:: Data shown ::
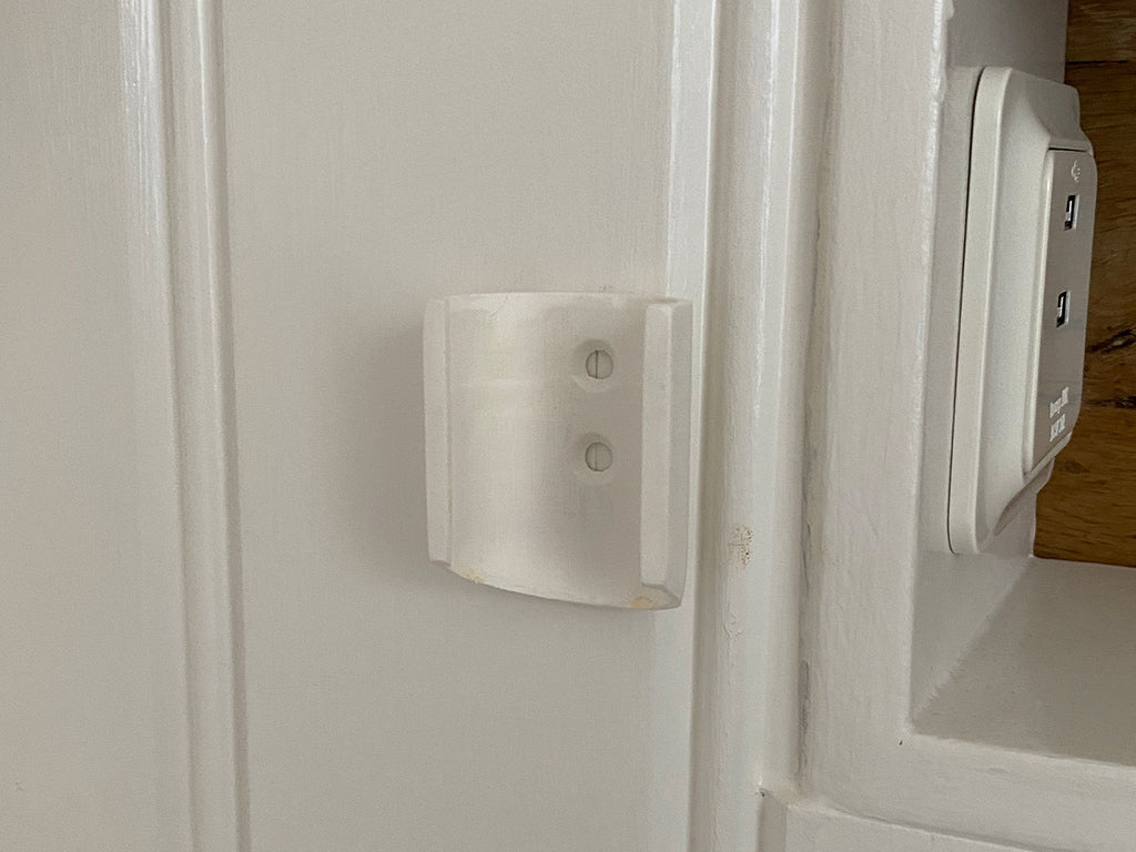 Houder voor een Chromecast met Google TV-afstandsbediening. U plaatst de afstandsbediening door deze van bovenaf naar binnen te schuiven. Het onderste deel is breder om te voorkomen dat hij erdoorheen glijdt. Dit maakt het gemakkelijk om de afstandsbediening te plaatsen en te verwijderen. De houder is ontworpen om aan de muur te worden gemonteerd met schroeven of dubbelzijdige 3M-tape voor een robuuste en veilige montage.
* * *
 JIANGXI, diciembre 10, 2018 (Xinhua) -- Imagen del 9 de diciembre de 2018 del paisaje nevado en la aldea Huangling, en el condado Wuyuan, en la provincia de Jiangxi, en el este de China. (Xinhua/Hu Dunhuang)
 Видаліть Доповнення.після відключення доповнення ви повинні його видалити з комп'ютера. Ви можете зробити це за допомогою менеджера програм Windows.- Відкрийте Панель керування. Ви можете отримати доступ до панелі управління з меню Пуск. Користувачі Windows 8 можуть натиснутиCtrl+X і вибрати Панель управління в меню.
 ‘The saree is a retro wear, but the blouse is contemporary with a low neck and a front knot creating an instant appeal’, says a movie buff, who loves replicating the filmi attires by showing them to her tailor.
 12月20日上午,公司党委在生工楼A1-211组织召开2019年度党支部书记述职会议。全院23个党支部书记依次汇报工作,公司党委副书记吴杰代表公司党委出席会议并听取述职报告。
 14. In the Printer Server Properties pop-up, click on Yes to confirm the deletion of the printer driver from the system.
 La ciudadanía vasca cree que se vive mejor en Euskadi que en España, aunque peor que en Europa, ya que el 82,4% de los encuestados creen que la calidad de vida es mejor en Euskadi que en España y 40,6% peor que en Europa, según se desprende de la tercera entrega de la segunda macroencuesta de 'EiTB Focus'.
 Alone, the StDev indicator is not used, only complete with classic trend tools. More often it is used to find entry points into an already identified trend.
* * *
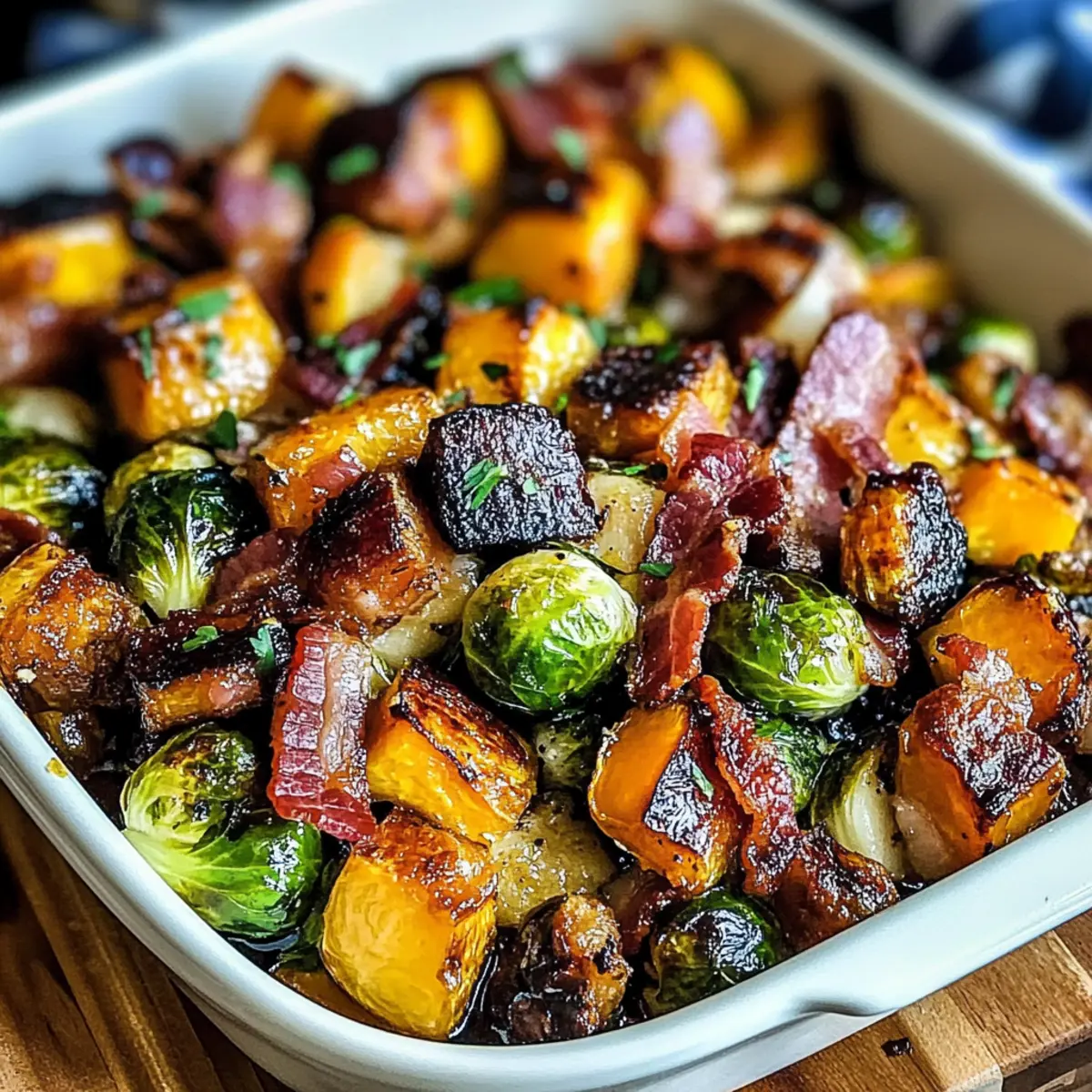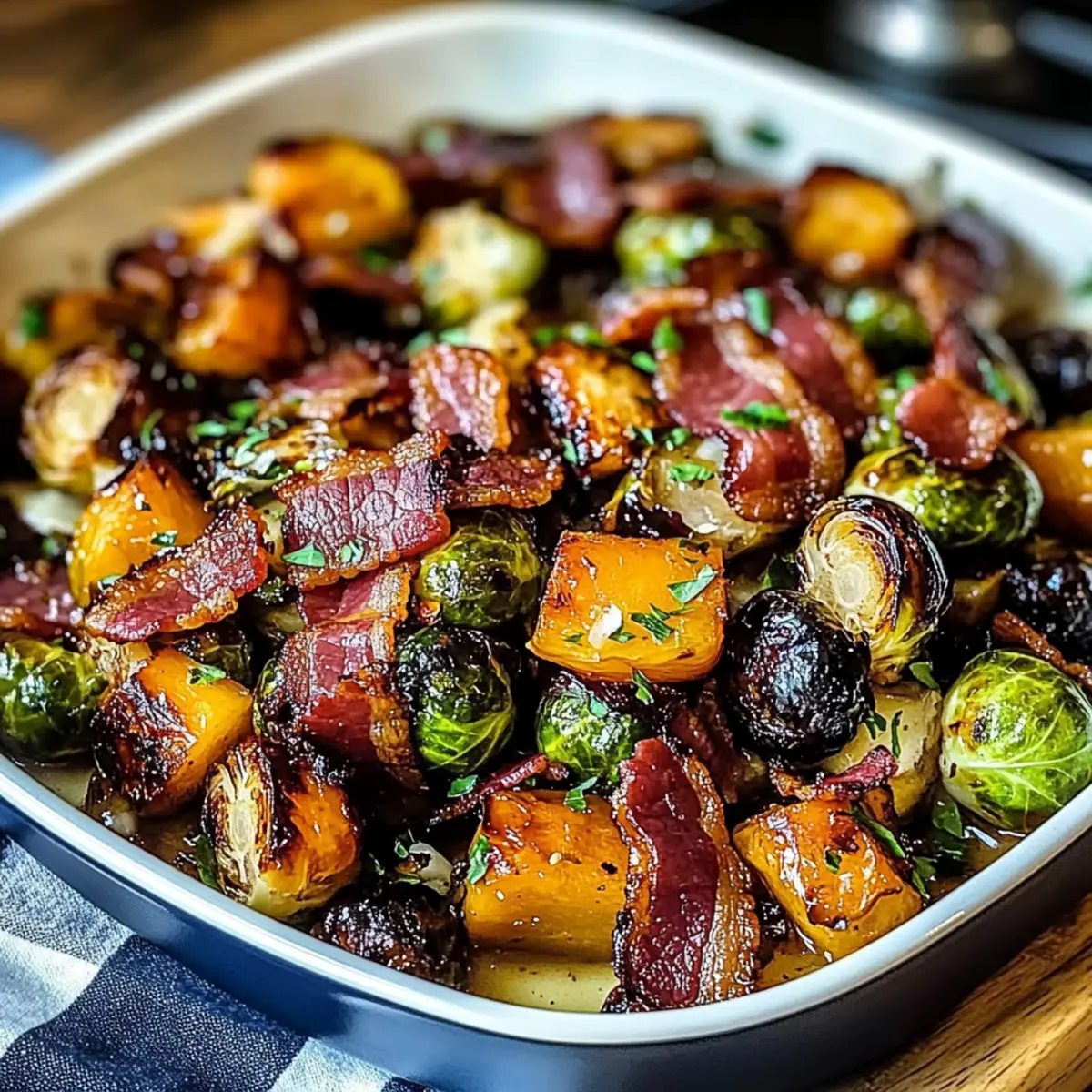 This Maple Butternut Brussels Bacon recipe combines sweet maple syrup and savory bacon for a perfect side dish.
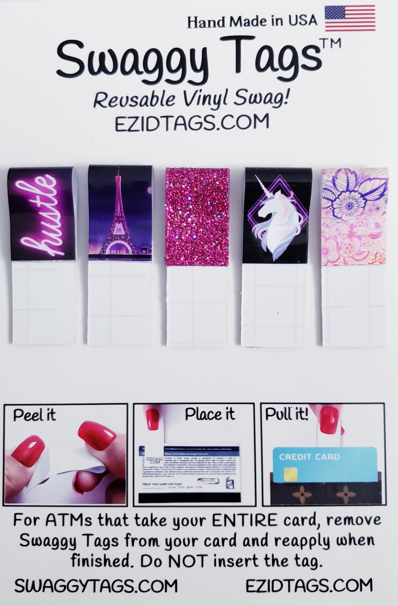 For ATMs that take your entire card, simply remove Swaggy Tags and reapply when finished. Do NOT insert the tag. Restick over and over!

:: Your objective ::
Find all lines holding the word "with" in the records above and copy them.

:: Response to the exercise ::
 ‘The saree is a retro wear, but the blouse is contemporary with a low neck and a front knot creating an instant appeal’, says a movie buff, who loves replicating the filmi attires by showing them to her tailor.
 Alone, the StDev indicator is not used, only complete with classic trend tools. More often it is used to find entry points into an already identified trend.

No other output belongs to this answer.